--- DATA EXTRACT ---
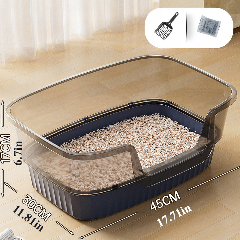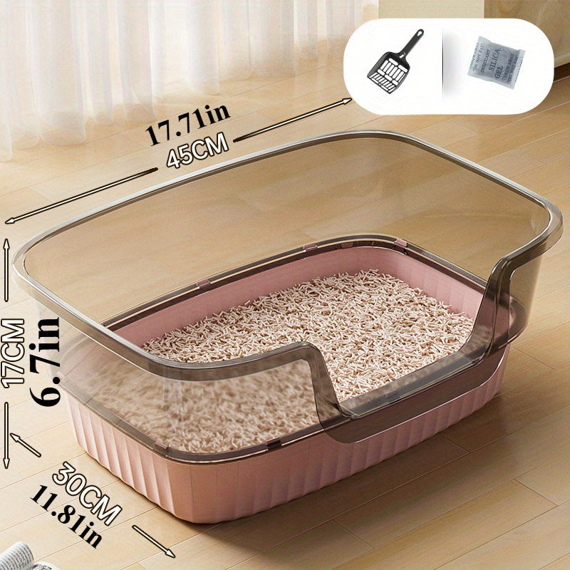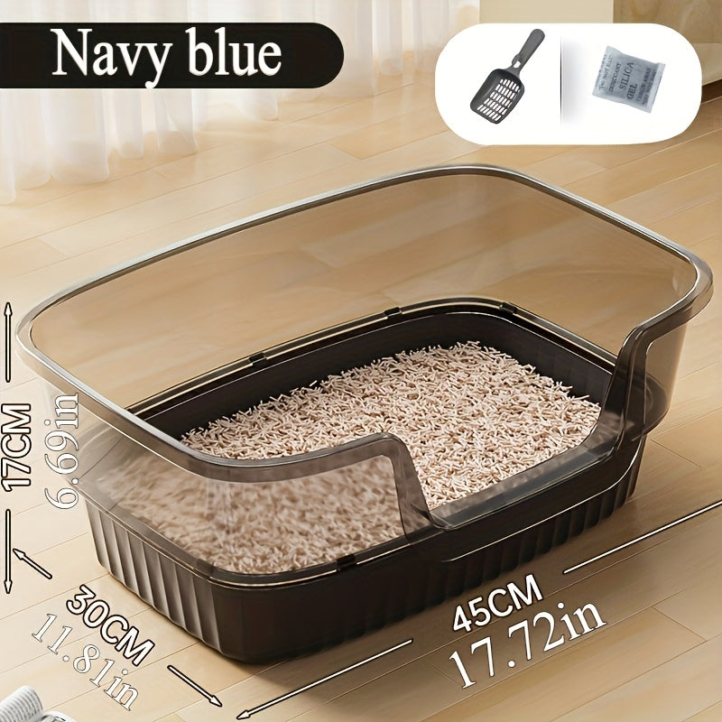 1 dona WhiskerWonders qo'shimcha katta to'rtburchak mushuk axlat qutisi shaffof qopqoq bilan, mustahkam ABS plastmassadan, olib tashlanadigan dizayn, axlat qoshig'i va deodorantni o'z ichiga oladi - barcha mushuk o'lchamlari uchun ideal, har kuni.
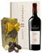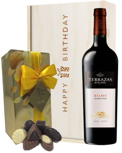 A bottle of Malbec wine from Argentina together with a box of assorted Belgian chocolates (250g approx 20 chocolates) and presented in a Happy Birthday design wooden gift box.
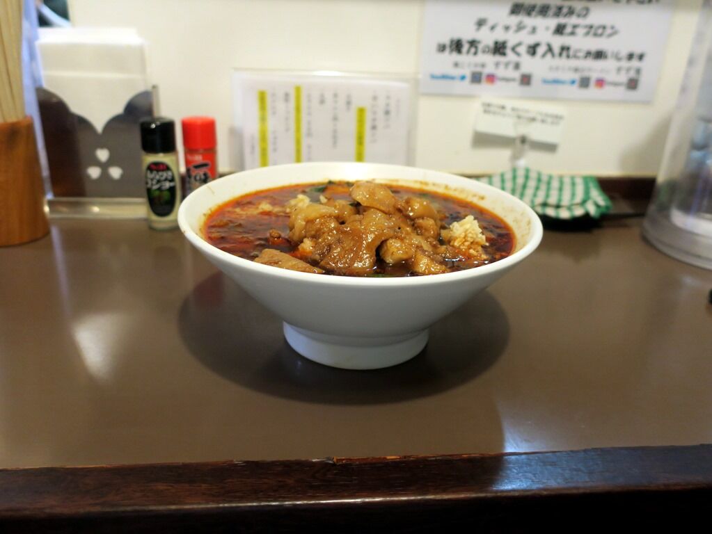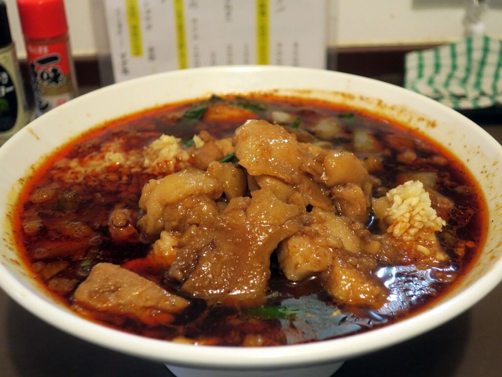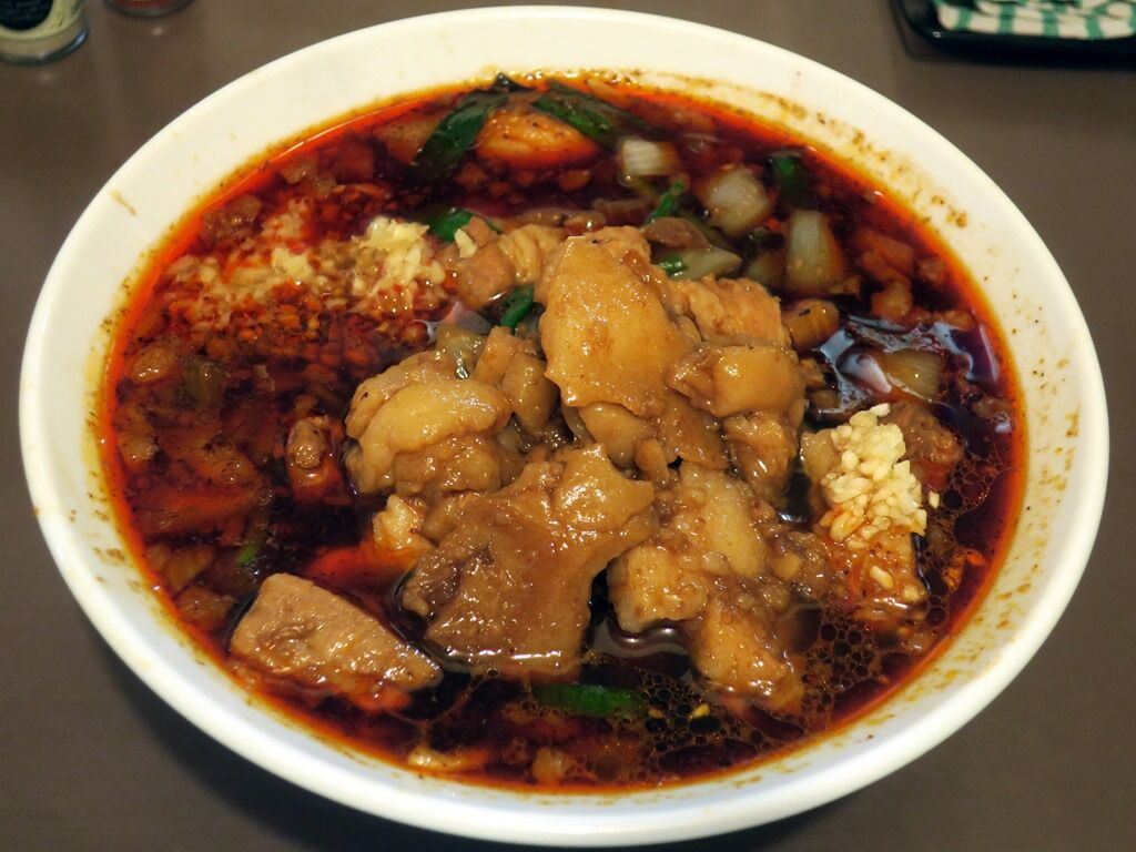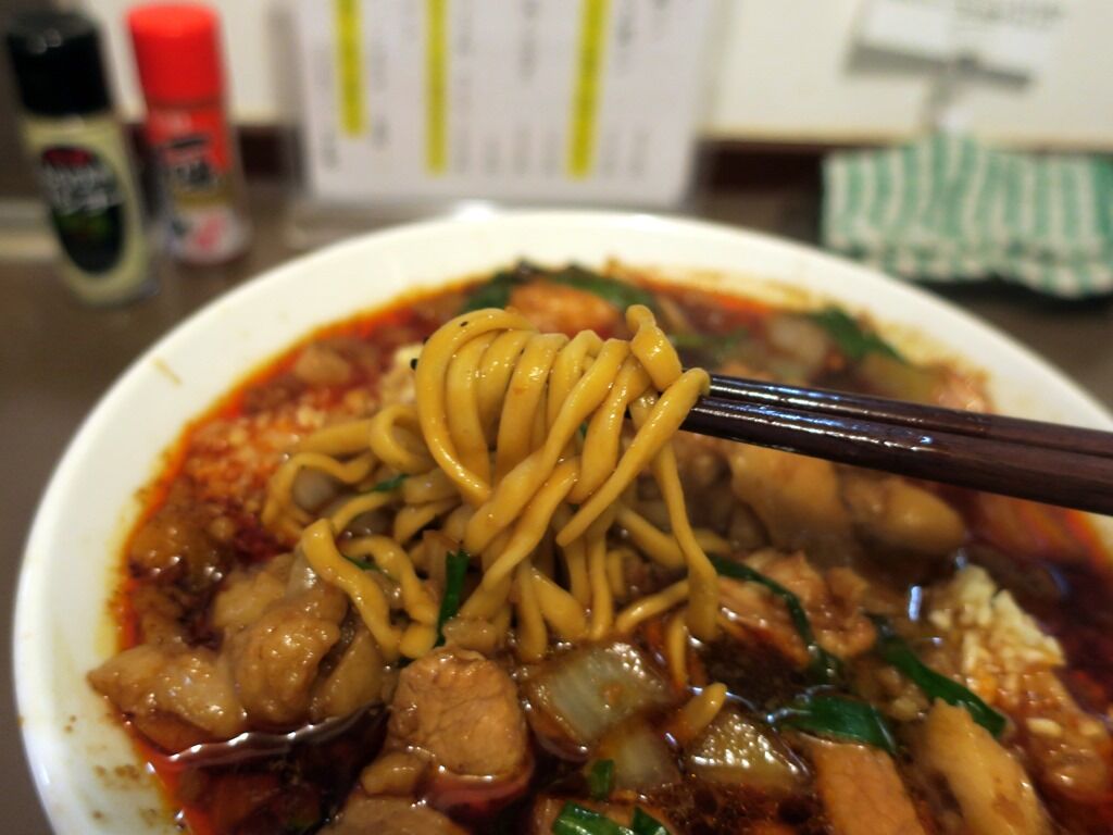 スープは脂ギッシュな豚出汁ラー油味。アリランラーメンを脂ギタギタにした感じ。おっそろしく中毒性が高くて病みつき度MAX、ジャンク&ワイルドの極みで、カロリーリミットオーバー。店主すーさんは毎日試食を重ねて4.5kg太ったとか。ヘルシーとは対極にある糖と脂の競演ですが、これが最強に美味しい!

--- ABOUT THIS TASK ---
The answer should be the complete listing, set down exactly, without pictures.

--- ANSWER SECTION ---
 1 dona WhiskerWonders qo'shimcha katta to'rtburchak mushuk axlat qutisi shaffof qopqoq bilan, mustahkam ABS plastmassadan, olib tashlanadigan dizayn, axlat qoshig'i va deodorantni o'z ichiga oladi - barcha mushuk o'lchamlari uchun ideal, har kuni.
 A bottle of Malbec wine from Argentina together with a box of assorted Belgian chocolates (250g approx 20 chocolates) and presented in a Happy Birthday design wooden gift box.
 スープは脂ギッシュな豚出汁ラー油味。アリランラーメンを脂ギタギタにした感じ。おっそろしく中毒性が高くて病みつき度MAX、ジャンク&ワイルドの極みで、カロリーリミットオーバー。店主すーさんは毎日試食を重ねて4.5kg太ったとか。ヘルシーとは対極にある糖と脂の競演ですが、これが最強に美味しい!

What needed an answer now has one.